** Available data follows **

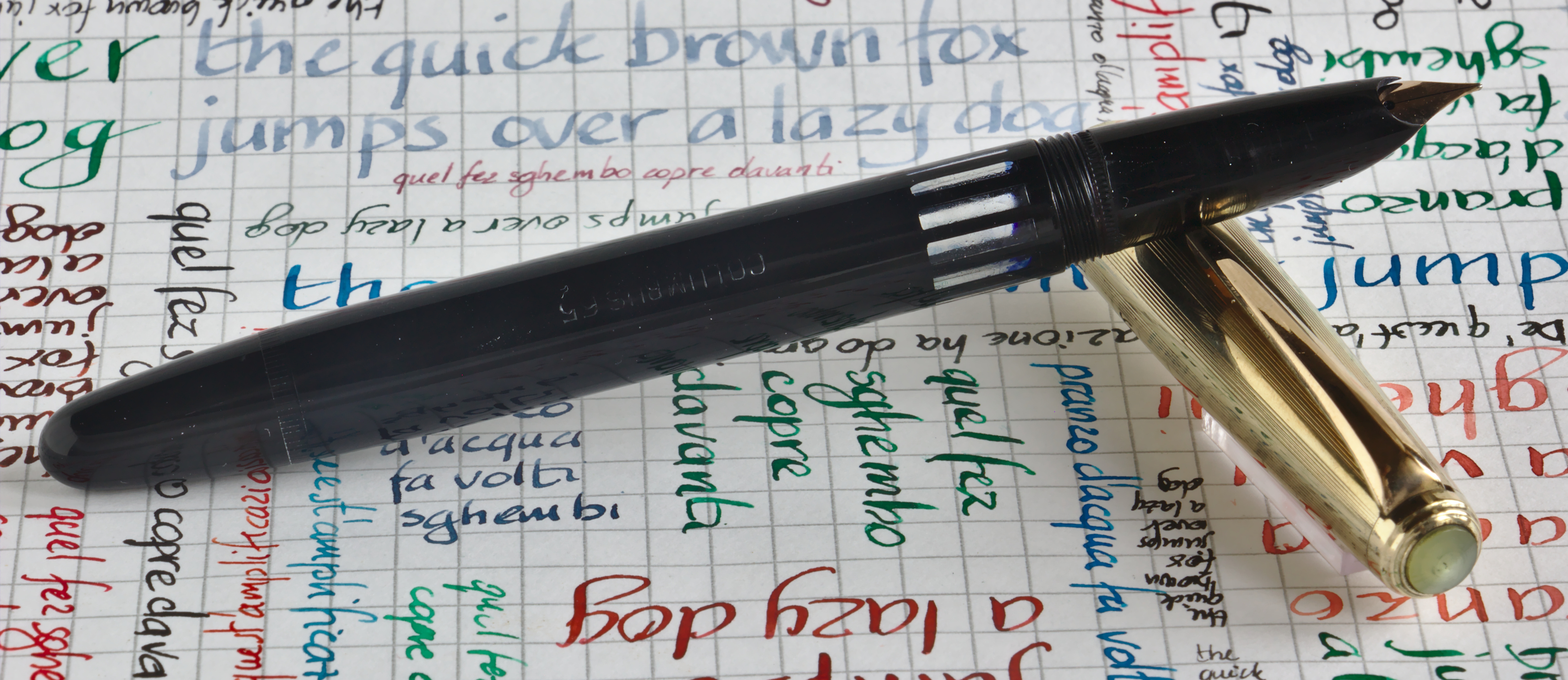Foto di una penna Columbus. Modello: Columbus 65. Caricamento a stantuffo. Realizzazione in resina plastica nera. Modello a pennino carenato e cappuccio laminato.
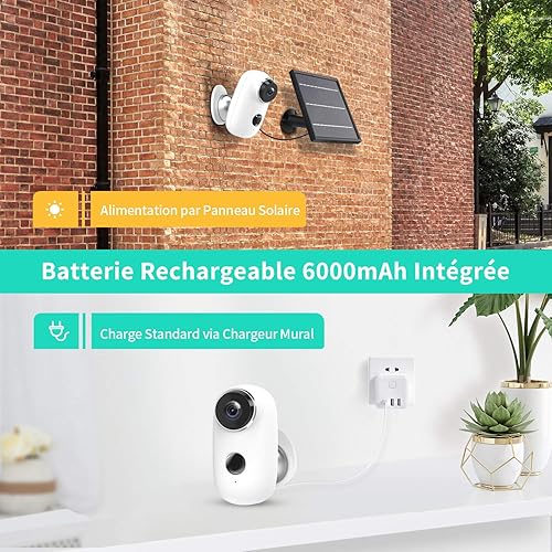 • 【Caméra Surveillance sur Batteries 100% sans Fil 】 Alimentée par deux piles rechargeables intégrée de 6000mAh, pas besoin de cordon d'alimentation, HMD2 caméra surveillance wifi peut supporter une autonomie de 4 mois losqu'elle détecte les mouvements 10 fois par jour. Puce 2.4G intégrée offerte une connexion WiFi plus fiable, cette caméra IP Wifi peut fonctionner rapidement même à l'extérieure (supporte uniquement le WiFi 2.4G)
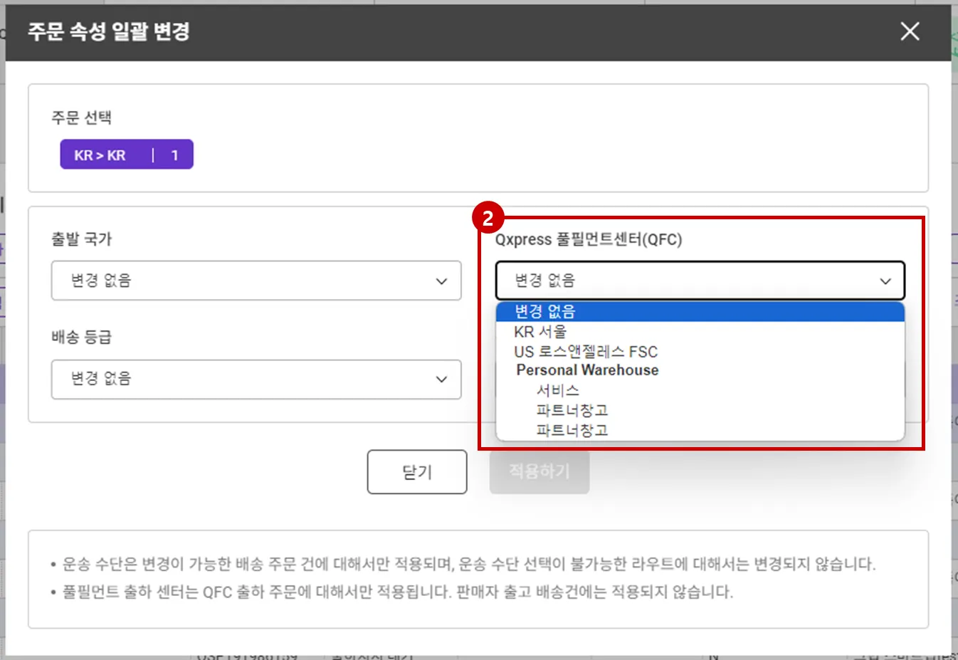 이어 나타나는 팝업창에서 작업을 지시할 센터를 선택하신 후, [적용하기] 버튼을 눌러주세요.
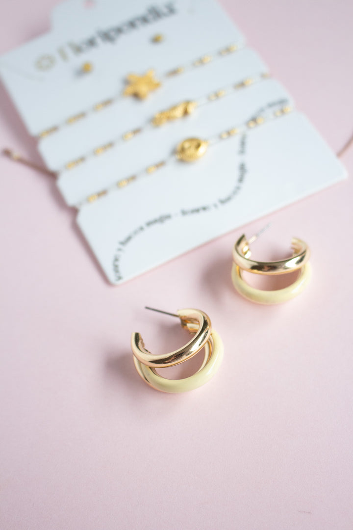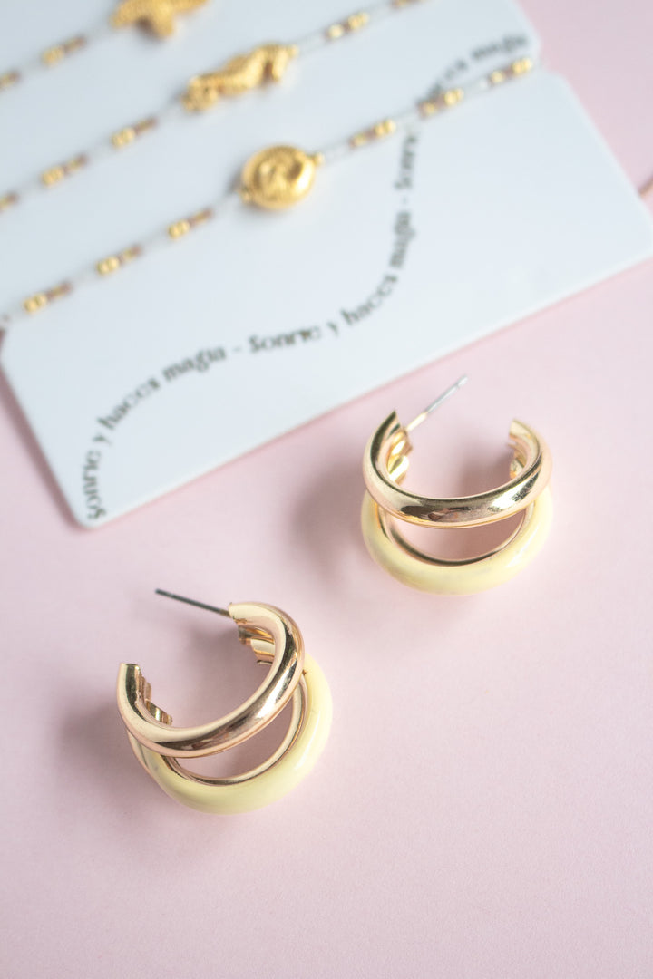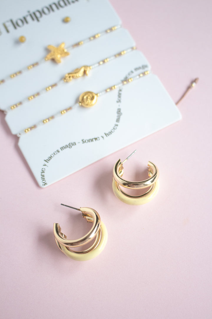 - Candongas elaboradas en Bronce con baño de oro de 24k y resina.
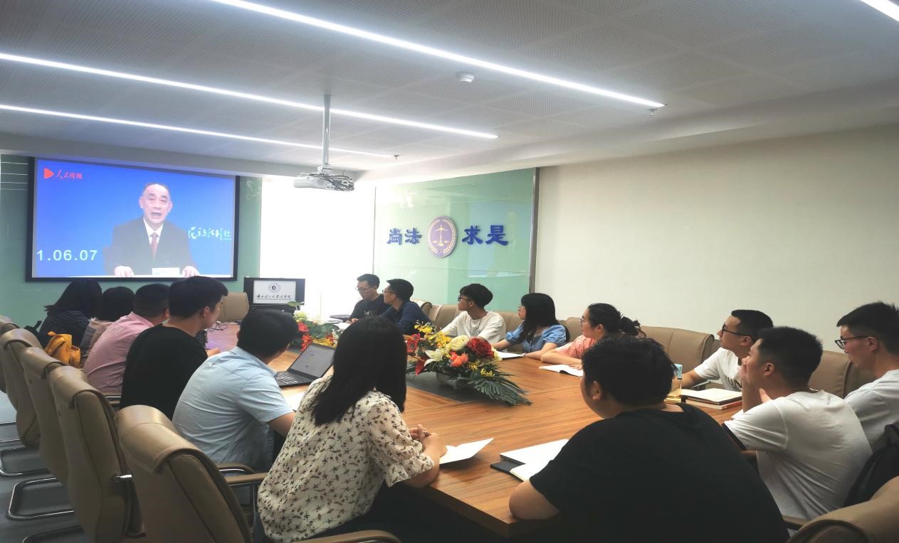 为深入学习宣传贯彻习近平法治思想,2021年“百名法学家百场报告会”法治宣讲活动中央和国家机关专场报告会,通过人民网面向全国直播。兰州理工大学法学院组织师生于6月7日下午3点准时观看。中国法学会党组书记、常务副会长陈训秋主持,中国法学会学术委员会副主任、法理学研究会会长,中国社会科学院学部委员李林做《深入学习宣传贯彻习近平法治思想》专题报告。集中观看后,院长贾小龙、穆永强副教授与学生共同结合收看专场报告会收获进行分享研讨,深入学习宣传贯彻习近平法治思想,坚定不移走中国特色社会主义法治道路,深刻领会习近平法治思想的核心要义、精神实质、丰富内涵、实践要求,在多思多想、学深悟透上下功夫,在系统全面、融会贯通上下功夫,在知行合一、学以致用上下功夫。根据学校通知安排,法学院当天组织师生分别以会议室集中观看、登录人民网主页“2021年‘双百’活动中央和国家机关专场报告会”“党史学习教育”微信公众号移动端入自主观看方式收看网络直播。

** End of Available data **

• **Task directions**
Give the lines from the one containing "- Candongas elaboradas" through the last line of the material again, exactly and with no pictures, both ends included.

• **Output for this exercise**
 - Candongas elaboradas en Bronce con baño de oro de 24k y resina.
 为深入学习宣传贯彻习近平法治思想,2021年“百名法学家百场报告会”法治宣讲活动中央和国家机关专场报告会,通过人民网面向全国直播。兰州理工大学法学院组织师生于6月7日下午3点准时观看。中国法学会党组书记、常务副会长陈训秋主持,中国法学会学术委员会副主任、法理学研究会会长,中国社会科学院学部委员李林做《深入学习宣传贯彻习近平法治思想》专题报告。集中观看后,院长贾小龙、穆永强副教授与学生共同结合收看专场报告会收获进行分享研讨,深入学习宣传贯彻习近平法治思想,坚定不移走中国特色社会主义法治道路,深刻领会习近平法治思想的核心要义、精神实质、丰富内涵、实践要求,在多思多想、学深悟透上下功夫,在系统全面、融会贯通上下功夫,在知行合一、学以致用上下功夫。根据学校通知安排,法学院当天组织师生分别以会议室集中观看、登录人民网主页“2021年‘双百’活动中央和国家机关专场报告会”“党史学习教育”微信公众号移动端入自主观看方式收看网络直播。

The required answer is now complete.